In conclusion, this work demonstrates that hyperbolic geometry, specifically the Lorentz model combined with factorization machines and multi-objective optimization, provides substantial and robust improvements for reciprocal job recommendation. The core insight—that hierarchical asymmetric relationships fundamental to job–candidate matching align naturally with the geometric properties of negatively curved spaces—translates into consistent empirical gains across multiple evaluation strategies with effect sizes (Cohen’s d = 3.13 from five-fold cross-validation) indicating very large practical impact. Beyond immediate performance improvements, our work establishes hyperbolic reciprocal recommendation as a promising research direction with multiple avenues for extension, including multi-resolution hierarchies for complex taxonomies, dynamic curvature learning for evolving domains, fairness-aware geometric constraints for equitable matching, and applications across diverse reciprocal contexts beyond employment.

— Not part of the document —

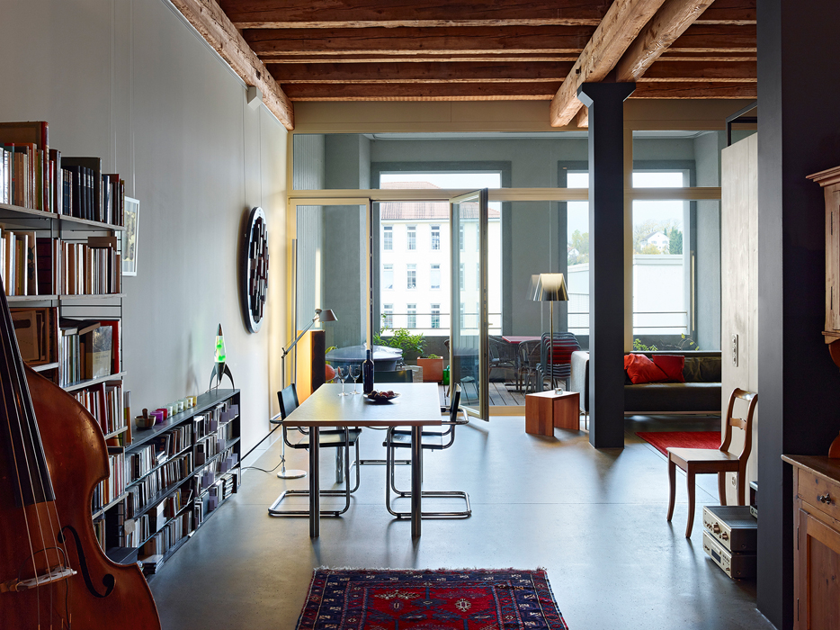 Die Spinnerei III besteht aus gemauerten Aussenwänden und Holzbalkendecken, welche von Stahlstützen getragen werden. Im Auftrag eines Ehepaares wurde eine 158m2 grosse durchgehende Lofteinheit im 2. Obergeschoss ausgebaut.

As automated recommendation systems increasingly mediate access to economic, social, and educational opportunities, ensuring these systems achieve not merely accuracy but also fairness, transparency, and accountability becomes essential. The geometric framework introduced here provides one step toward this goal by making hierarchical relationships explicit and amenable to inspection, but substantial work remains to translate technical advances into systems that serve diverse stakeholders equitably.